Segment Start: Records supplied

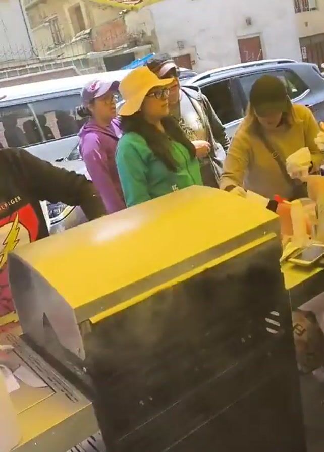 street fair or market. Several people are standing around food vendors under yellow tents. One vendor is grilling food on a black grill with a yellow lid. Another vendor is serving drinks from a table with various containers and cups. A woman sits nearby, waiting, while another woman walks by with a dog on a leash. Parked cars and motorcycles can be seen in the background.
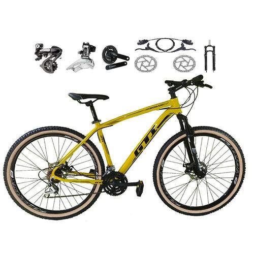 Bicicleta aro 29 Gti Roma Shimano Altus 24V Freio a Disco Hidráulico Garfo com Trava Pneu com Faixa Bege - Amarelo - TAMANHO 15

Segment End: Records supplied
Segment Start: Records supplied

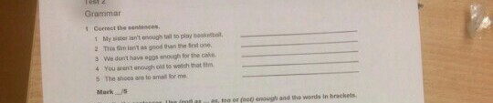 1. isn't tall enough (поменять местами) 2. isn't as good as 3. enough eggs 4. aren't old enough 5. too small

Segment End: Records supplied
Segment Start: Records supplied

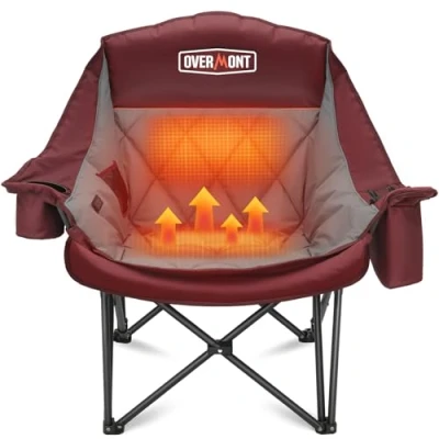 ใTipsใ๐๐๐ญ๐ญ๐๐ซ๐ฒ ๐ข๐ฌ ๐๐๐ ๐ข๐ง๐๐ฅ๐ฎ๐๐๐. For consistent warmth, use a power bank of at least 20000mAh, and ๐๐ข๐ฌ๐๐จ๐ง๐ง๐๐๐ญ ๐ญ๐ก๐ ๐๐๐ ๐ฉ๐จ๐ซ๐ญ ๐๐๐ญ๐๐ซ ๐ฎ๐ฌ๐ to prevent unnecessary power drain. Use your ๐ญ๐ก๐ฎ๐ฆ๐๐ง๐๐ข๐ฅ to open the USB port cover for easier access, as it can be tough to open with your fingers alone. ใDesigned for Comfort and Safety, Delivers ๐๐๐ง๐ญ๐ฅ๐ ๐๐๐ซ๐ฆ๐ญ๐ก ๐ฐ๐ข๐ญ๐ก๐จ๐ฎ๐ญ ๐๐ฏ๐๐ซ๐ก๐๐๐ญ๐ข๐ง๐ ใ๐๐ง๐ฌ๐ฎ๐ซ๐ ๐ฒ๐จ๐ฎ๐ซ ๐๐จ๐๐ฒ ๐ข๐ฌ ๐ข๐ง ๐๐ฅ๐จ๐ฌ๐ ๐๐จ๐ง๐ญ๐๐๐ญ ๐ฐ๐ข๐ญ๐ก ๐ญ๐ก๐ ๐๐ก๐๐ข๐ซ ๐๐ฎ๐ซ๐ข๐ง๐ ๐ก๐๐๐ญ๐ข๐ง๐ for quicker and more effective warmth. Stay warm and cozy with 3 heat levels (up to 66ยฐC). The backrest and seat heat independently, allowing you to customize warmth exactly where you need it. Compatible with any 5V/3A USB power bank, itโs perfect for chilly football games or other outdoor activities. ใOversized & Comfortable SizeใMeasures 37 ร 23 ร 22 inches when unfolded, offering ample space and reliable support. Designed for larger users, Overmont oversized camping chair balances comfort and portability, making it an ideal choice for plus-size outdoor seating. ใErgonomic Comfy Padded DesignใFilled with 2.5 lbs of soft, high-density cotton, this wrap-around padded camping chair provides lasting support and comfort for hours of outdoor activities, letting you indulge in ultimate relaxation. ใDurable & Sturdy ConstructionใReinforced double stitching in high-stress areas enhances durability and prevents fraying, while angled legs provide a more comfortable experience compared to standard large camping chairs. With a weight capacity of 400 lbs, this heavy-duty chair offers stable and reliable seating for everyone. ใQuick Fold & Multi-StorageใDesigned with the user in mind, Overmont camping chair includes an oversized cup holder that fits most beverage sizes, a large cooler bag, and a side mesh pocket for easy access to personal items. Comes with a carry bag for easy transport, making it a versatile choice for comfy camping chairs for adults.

Segment End: Records supplied

> **Task requirements**
Reproduce exactly, with no pictures, the lines above from the one holding "street fair or" to the one holding "Bicicleta aro 29", inclusive.

> **Your response**
 street fair or market. Several people are standing around food vendors under yellow tents. One vendor is grilling food on a black grill with a yellow lid. Another vendor is serving drinks from a table with various containers and cups. A woman sits nearby, waiting, while another woman walks by with a dog on a leash. Parked cars and motorcycles can be seen in the background.
 Bicicleta aro 29 Gti Roma Shimano Altus 24V Freio a Disco Hidráulico Garfo com Trava Pneu com Faixa Bege - Amarelo - TAMANHO 15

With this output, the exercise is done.